We shipped it. First paint went from 600ms to 850ms. Users started complaining. I wanted to disappear.
Then last week, the OpenUI team published their case study: "We rewrote our Rust WASM parser in TypeScript and it got 3x faster."
I read it three times. Every paragraph felt like they were describing our exact situation. The boundary tax. The JSON serialization. The memory copies. It was all there.
So we did the same thing. We rewrote our entire React rendering pipeline in pure TypeScript.
First paint: 850ms → 320ms. Bundle size: 195KB → 112KB. Time to Interactive: 1200ms → 480ms.

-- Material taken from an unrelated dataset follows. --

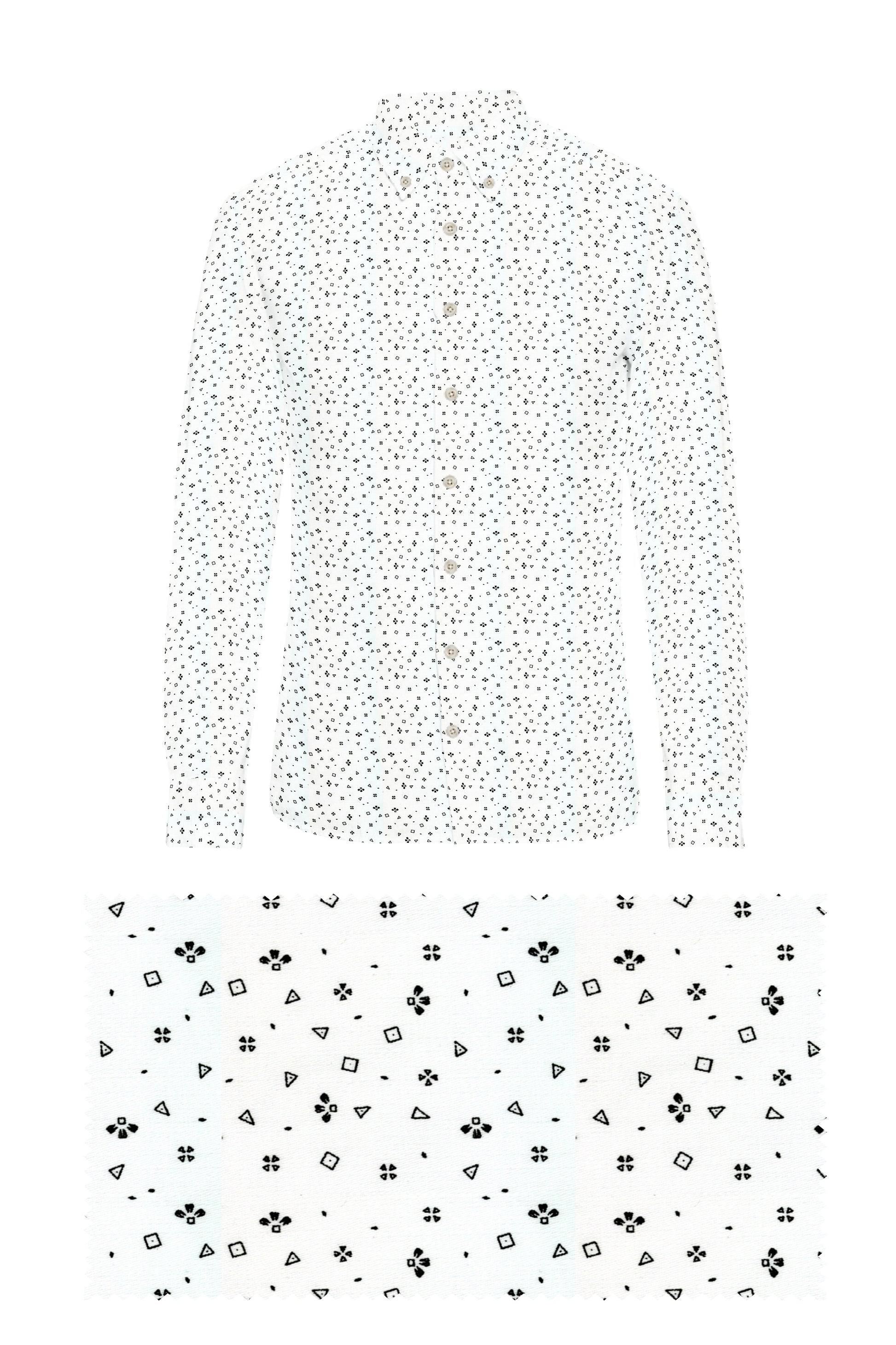 This stylish Geometric Print White on Black Shirt is handmade from 100% cotton and perfect for the modern man. With its bold print and classic black and white colour scheme, it is an excellent choice for any man looking to make a statement with their style. The perfect gift for the fashionable man in your life, this shirt is sure to be a hit.

Here's the story. The data. The mistakes. And why WASM isn't always the answer.
The Dream: Rust + WASM = Speed
When we started building PitchShow (https://pitchshow.ai), we knew performance would be critical. Our users generate AI presentations in real-time, streaming LLM output directly into beautifully animated slides.
The architecture looked like this:
- LLM streams markdown-like syntax
- Parser converts it to an AST
- React reconciler builds the component tree
- Framer Motion animates everything
- DOM renderer displays the slides
The parser runs on every streaming chunk. If the LLM sends 50 tokens, that's 50 parse calls. Latency matters here. A lot.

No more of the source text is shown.